Вы думаете, я не ожидал, что найдутся богословы, которые скажут: рай был не состоянием тотального познания или, как вы неуклюже выразились, краем всего возможного и ничего изумляющего, но состоянием невинности?! Думаете, я не ожидал, что найдутся богословы, которые обрушатся на меня: «Разве можно толковать Древо познания как древо познания рационалистического?!» Что я позабыл о тех, кто осмеет меня: «Как это, суд — алгебраическое уравнение?!» Кто набросится: «Инстинкт познания — это инстинкт принадлежности Богу, то есть абсолютная уверенность в том, что мы ближе к Нему, чем те, у кого такого инстинкта нет?!» Кто прогремит (прогремит!): «Что это за растерянность Иуды, с какой вы отождествляете операции, соответствующие логическому канону, а именно дедукцию и индукцию, с познанием, то есть овладением как таковым?!»

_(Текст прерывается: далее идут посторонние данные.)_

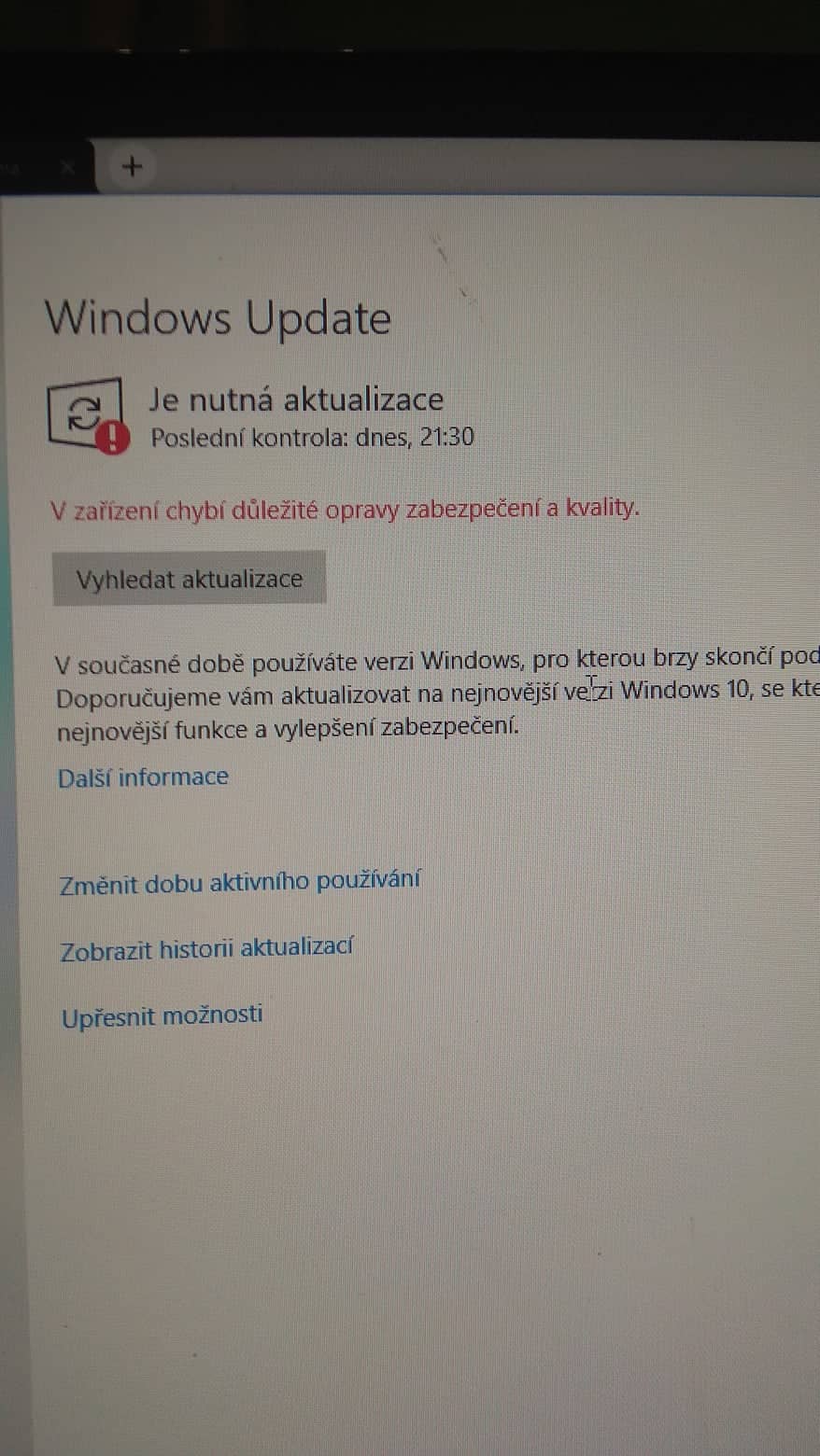 Dnes mě Windows nabídl instalaci aktualizací, byly to aktualizace, abych mě nadále podporu Windows. Aktualizace jsem stáhl, pak mně počítač vyzval k restartu. Počítač se restartoval, probíhala aktualizace. Naběhla na 100% pak se měl spustit systém Windows, počítač jel bedna hučela, ale obrazovka byla černá. Počkal jsem asi 15 min a nic se nedělo. Zmáčknul.jsem tlačítko restart, situace byla stejná černá obrazovka. Pak jsem vypnul pc tlačítkem napájení. Zapnul pc a pořád nic. Zkoušel jsem vypnout i zdroj a pak zapnout pc, ale pořád nic. Nechápu co se podělalo... Nevím jestli to je tou aktualizací. Podobná situace se mně stala nedávno, když jsem instaloval ovladače GK. Tenkrát se pc, ale spustil normálně, po vypnutí zdroje. Poraďte někdo co s tím.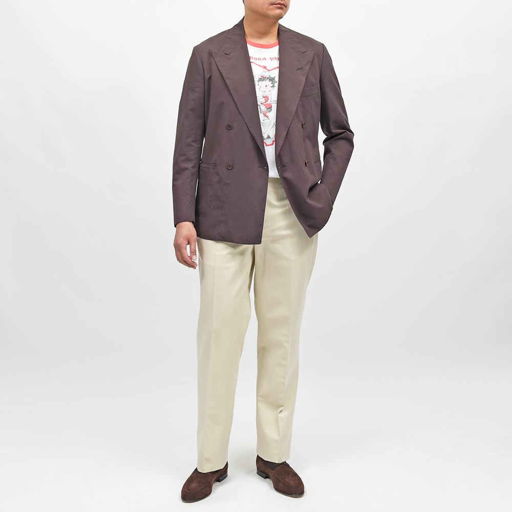 モデル“SPENDER(スペンダー)”は1970〜80年代パリを代表するのセレクトショップの一つHEMISPHERES(エミスフェール)が、BERNARD ZINSに別注していたモデルの復刻になります。切り替えのないワンピースカットにややハイバックなウエストに、ノープリーツのスッキリとした腰回りと、特徴的なシンチバック。ストレートに見える緩やかなテーパードシルエットが、今の気分にはピッタリな表情を作り上げてくれます。

Я уже сказал, а если не сказал прежде, то говорю теперь, что (и по какой причине) ответить им значило бы проявить ненужное великодушие. (Там сзади кто-то поднимает руку — я, мол, якобы не объяснил причину. Но разве я не говорил о тщетности слов?! Не говорил о невозможности взаимопонимания?! О том, что слова не важны, что дело вовсе не в них, а в тех людях, кто ими пользуется; так же все обстоит и с психологией [смотри «Братьев Карамазовых»], с помощью которой можно доказать что угодно, ибо там тоже важно лишь то, кто к ней прибегает?!) Тем не менее: лишь из злого упрямства — если не из-за ограниченности — можно отказаться признать, что и мой рай, и даже прежде всего мой рай, тоже являет собой состояние невинности, хотя это и не было высказано напрямую! Как я, впрочем, уже показал, райское древо Познания наверняка было древом лжепознания, но если бы кто-нибудь сказал, что это противоречие — говорить о рае и одновременно позволять расти там древу лжепознания, то я бы ответил, что такое же противоречие — описывать первого человека как человека, рая достойного, и этого же человека изгонять оттуда, но оба противоречия лишь кажущиеся, поскольку человек в раю является человеком совершенно свободным; если же он лишился рая, то это означает попросту, что он его никогда не имел; следовательно, он проклят с самого своего начала; то есть он сам есть проклятие.
Я отворачиваюсь от тех, кто, подобно хитрым и злорадным школьникам, подлавливает меня на растерянности, на алогизмах, на пробелах. (Я тоже раб цепного, то есть последовательного, мудрствования и его побочного отпрыска, речи. Пусть себе собирают потерянные звенья мыслей, мне нет дела до гуронских воплей, с какими кидаются они на неточность моего словаря! Бог с ними, говорю я, зная, что Его с ними не будет.)
Я поворачиваюсь лицом к тем, кто, как и я, тысячу раз за день протягивает руку в уверенности, что поймал рыбку-тень, а разглядев ее, осознает вновь и вновь, что это был всего лишь мерзкий головастик, и свет проходит сквозь него, не давая тени. Лицом к тем, кто, будучи таким же нищим, как все остальные, кажется оборваннее других из-за поразительного контраста: в его нищенском одеянии застрял осколок бриллианта былого величия. Они поймут, что самое адекватное познание то, что больше всего нам подходит.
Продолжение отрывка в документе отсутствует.